Lecture 13: Axial And Branchiomeric Musculature Flashcards
Describe the 3 skeletal muscle divisions
Skeletal muscles can, for convenience, be divided into three groups:
- Axial:
- Derived directly from myotome portions of somites
- Demonstrate a segmental arrangement (metamerism)
- Innervated by spinal nerves
- Branchiomeric:
- Formed from embryonic mesenchyme associated with pharyngeal arches
- Demonstrate a segmental arrangement
- Innervated by cranial nerves
- Appendicular:
- Formed from body wall or limb bud mesenchyme
- Innervated by spinal nerves
Describe axial musculature
Musculature of the vertebrate body wall and tail makes up the axial musculature.
- Axial musculature is derived from the embryonic somites (myomeres) and is metameric.
- Metamerismis evident in fishes and in urodeles.
- In most tetrapods the metamerism is not as evident.
- Axial musculature is divided into epaxial and hypaxial musculature.
- Epaxial musculature is innervated by dorsal rami of spinal nerves.
- Hypaxial musculature is innervated by ventral rami of spinal nerves.
- In amniotes hypaxial muscles ventral to the transverse processes (subvertebral) or organized into longitudinal bundles.
- In craniates, hypaxial muscles extend into the pharynx as hypobranchial muscles and, in amniotes, extend forward into the tongue.
- The mammalian diaphragm and cremaster muscles are hypaxial muscles.
Describe the muscles located in the eyeball
- These muscles in sharks and other craniates arise originate from three pairs of preotic somitomeres and are innervated by cranial nerves III, IV, and VI.
Describe the two groups that appendicular muscles are divided into
Appendicular muscles are divided into extrinsic and intrinsic groups:
- Extrinsic appendicular muscles originate from the axial skeleton and insert on the girdle or limb.
- Appendicular muscles in fishes are mostly extrinsic.
- Extrinsic muscles of tetrapods develop in one of two ways:
- They may develop within the embryonic wall and spread to the limb.
- They may develop in the limb and spread to the to the axial skeleton.
- Intrinsic appendicular muscles originate from the girdle or proximal limb and insert more distally.
- Intrinsic muscles in tetrapods develop within the limb.
Describe branchiomeric muscles
- Branchiomeric muscles develop from the branchial arches.
- Muscles derived from the first branchial arch (mandibular arch) open and close the jaws.
- Muscles of the first arch are innervated by the fifth cranial nerve.
- Muscles derived from the second branchial arch (hyoid arch) attach to the hyoid skeleton, lower jaw, and operculum in fishes.
- Muscles of the second arch are innervated by the seventh cranial nerve.
- The sphincter colli of lower tetrapods spreads over the head of amniotes to become the platysma and muscles of facial expression.
- Muscles derived from the remaining arches operate gills in fishes and take on new functions in tetrapods.
- Muscles of the remaining arches are innervated by cranial nerves nine and ten.

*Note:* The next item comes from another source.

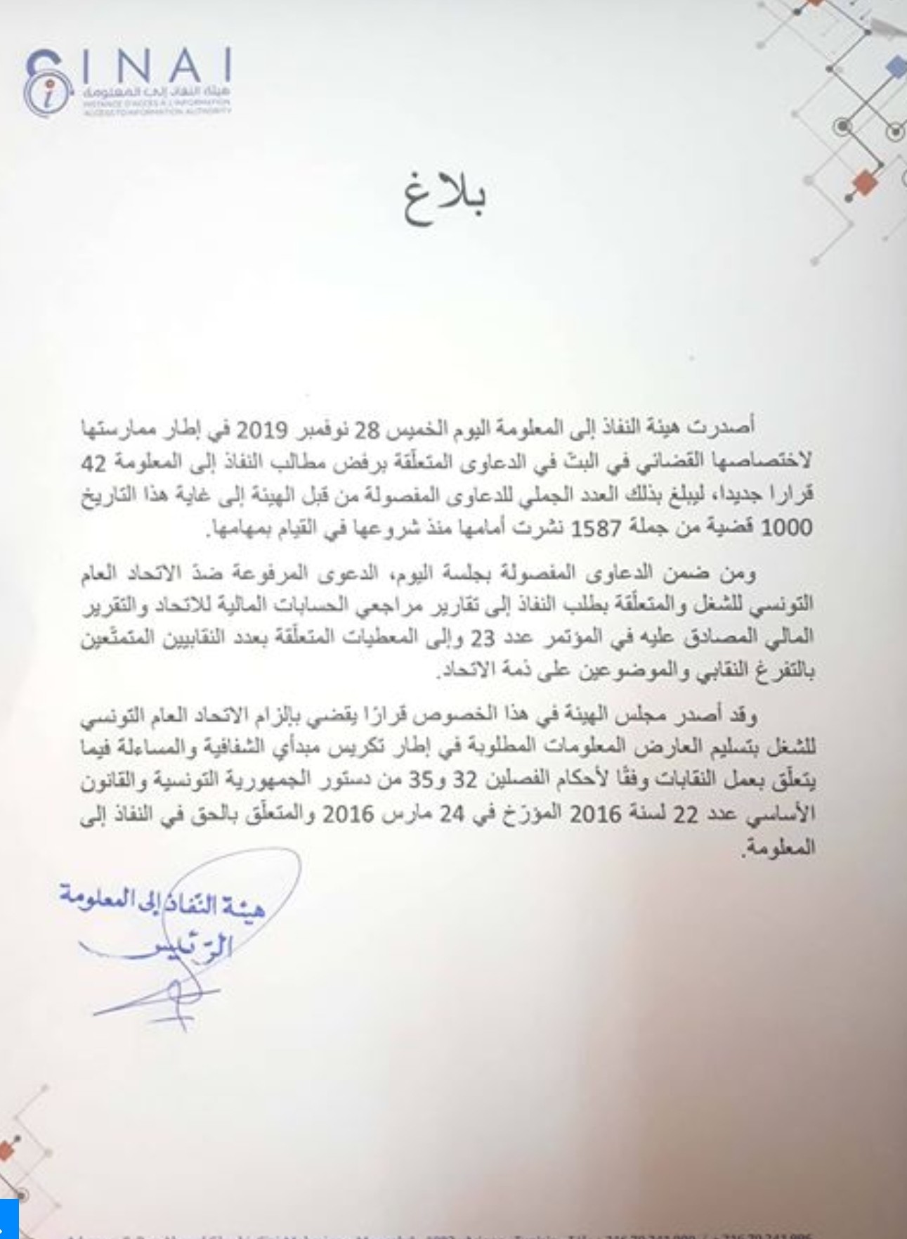 أصدرت هيئة النفاذ للمعلومة قرارا بإلزام الإتحاد العام التونسي للشغل بتمکین النائب السابق، عماد الدایمی، من الوثاٸق المتعلقة بتقارير مراجع الحسابات المالية للاتحاد والتقرير المالي للمنظمة والقائمة في كل النقابيين المتمتعين بالتفرغ النقابی.
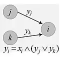 - Параллельное соединение (дизъюнктивные ребра). На рисунке 3 показан вариант представления организационных отношений между функциями и , связанных дизъюнктивной логикой обеспечения реализации выходной функции элемента системы . Дизъюнктивные организационные отношения в СФЦ являются аналогами параллельных соединений в графах связности или операторов «ИЛИ» деревьев отказов. Например, если и — события безотказной работы основного и резервного источников питания, а — событие безотказной работы питаемого ими потребителя, то уравнение определяет условия реализации выходной функции определяет безотказные условия работы данной трехэлементной схемы в целом.

- The cucullaris of fishes and urodeles gives rise to the trapezius and sternocleidomastoid of amniotes.
Describe the trunk muscles of fish
- Fish depend primarily on powerful movements of the trunk and/or tail for locomotion (people generally don’t eat fish fins).
- Trunk muscles of fish are the axial muscles.
- These muscles are derived from somitic myotomes and exhibit a segmental arrangement.
- In gnathostomes they are typically divided into epaxial (more dorsal) and hypaxial (more ventral) muscles.
- Segments that make up the axial musculature are called myomeres.
- The number of myomeres corresponds with the number of vertebrae but the spatial arrangement of the myomeres alternates with that of the vertebrae.
Describe the myomeres of fish
- A lateral view of a typical myomere in a gnathostome fish resembles the letter “W.”
- The open (top) end of the “W” faces craniad.
- Sideways, the “W” is split into an upper portion (part of the epaxial musculature) and a lower portion (part of the hypaxial musculature).
- The epaxialand hypaxialparts are separated from each other by a fibrous tissue partition: The horizontal septum is Not present in cyclostomes
- Individual myomeres are separated from each other by vertical connective tissue partitions: the Transverse septa
See slide 10
Reference card
Make an image flashcard of slide 11 and review slide 12
And 13 and 15 and 16 and 32 (plus any i skipped between there)
Describe axial musculature in amphibians
- Reduction in epaxial musculature:
- Still somewhat prominent in urodeles as dorsalis truncus.
- Useful in flexing body axis for swimming.
- Division of hypaxial muscles into layers.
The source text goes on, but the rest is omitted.